Increased atmospheric dust is masking greenhouse gases' warming effect
A new study shows that global atmospheric dust — microscopic airborne particles from desert dust storms — has a slight overall cooling effect on the planet that has hidden the full amount of warming caused by greenhouse gases.
The U.S. National Science Foundation-supported research, published in Nature Reviews Earth and Environment, found that the amount of desert dust has grown roughly 55% since the mid-1800s, which increased the dust's cooling effect.
"In addition to illustrating the complexity of the climate system, this study raises the alarm that proper accounting of atmospheric dusts in climate models is more important than ever in our assessment of future climate scenarios," said Varavut Limpasuvan, a program director in NSF's Division of Atmospheric and Geospace Sciences.

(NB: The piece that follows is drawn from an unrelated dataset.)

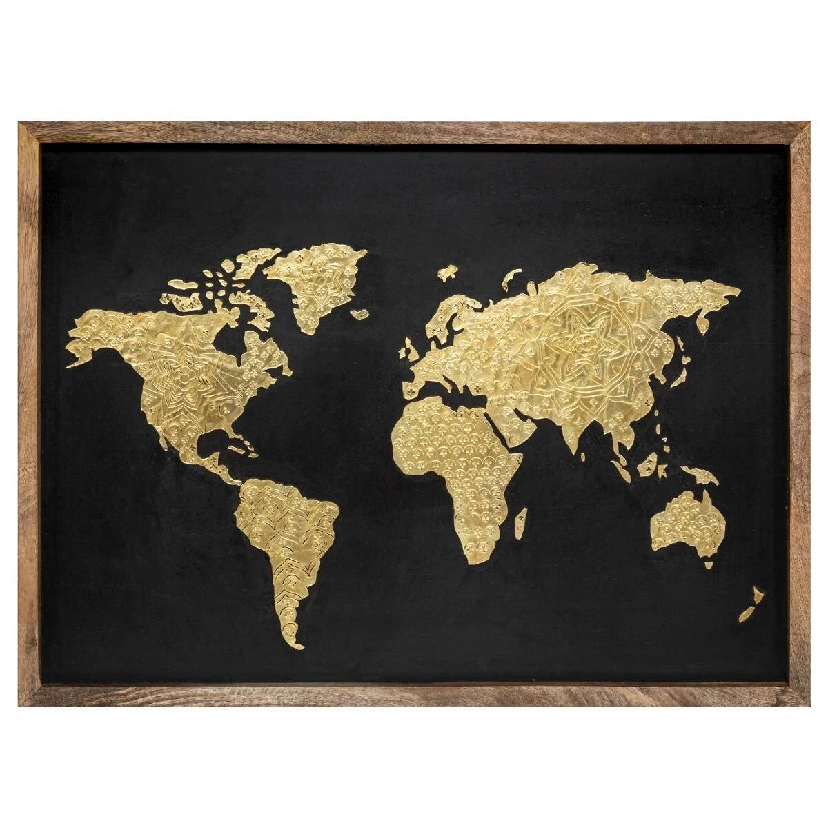 Wanddekoration – World Map ist ein Produkt der renommierten Marke Atmosphera, die sich auf das Sortiment an Accessoires, Dekorationen und Zubehör für Haushaltsgeräte spezialisiert hat. Bemerkenswert ist vor allem das ungewöhnliche Design des vorgestellten Artikels: Das Ornament hat die Form einer Plakette mit einer Weltkarte. Die Konturkarte der Kontinente wurde mit einer schönen dekorativen Prägung verziert. Die Dekoration wurde aus strapazierfähigem MDF hergestellt. Ein weiterer Vorteil ist das Farbschema: Die Karte hat eine schöne goldene Farbe, die sich von einem schwarzen Hintergrund abhebt. Aus diesem Grund funktioniert diese Dekoration besonders in Räumen, die im Stil von Glamour eingerichtet sind. Wähle es aus und sieh, wie sehr sich ein charakteristisches Ornament ändern kann.

The study is the first to demonstrate the overall cooling effect of atmospheric desert dust. Some effects of atmospheric dust warm the planet, but because other effects of dust counteract warming — for example by scattering sunlight back into space and dissipating high clouds that warm the planet — the study calculated that dust's overall effect is a cooling one.
Should dust levels decline — or stop increasing — warming could ramp up, said UCLA atmospheric physicist Jasper Kok, the study's lead author.
"We show that desert dust has increased, and most likely slightly counteracted greenhouse warming, which is missing from current climate models," said Kok, who studies how particulate matter affects the climate. "The increased dust hasn't caused a lot of cooling — the climate models are still close — but our findings imply that greenhouses gases alone could cause even more climate warming than models currently predict," he said.
Kok compared the revelation to discovering, while driving a car at high speed, that the vehicle's emergency brake had been partly engaged. Just as fully releasing the break could cause the car to move faster, a stop to the increase in dust levels could slightly speed up global warming.
And while atmospheric desert dust levels have increased overall since pre-industrial times, the trend has not been steady — there have been upticks and declines along the way. Because there are so many natural and human-influenced variables that can cause dust levels to increase or decrease, scientists cannot accurately project how the amounts of atmospheric dust will change in the coming decades.
Dust can increase because of drier soils, higher wind speed and human land-use changes like diverting water for irrigation and turning marginal desert regions into grazing and agricultural land. The factors that account for increased dust levels are not clear-cut or linear, and whether the amounts of desert particulates will increase, decrease or remain relatively flat is unknown.
While the increase in atmospheric dust has somewhat masked the full potential of greenhouse gases to warm the climate, Kok said, the findings don't show that climate models are incorrect.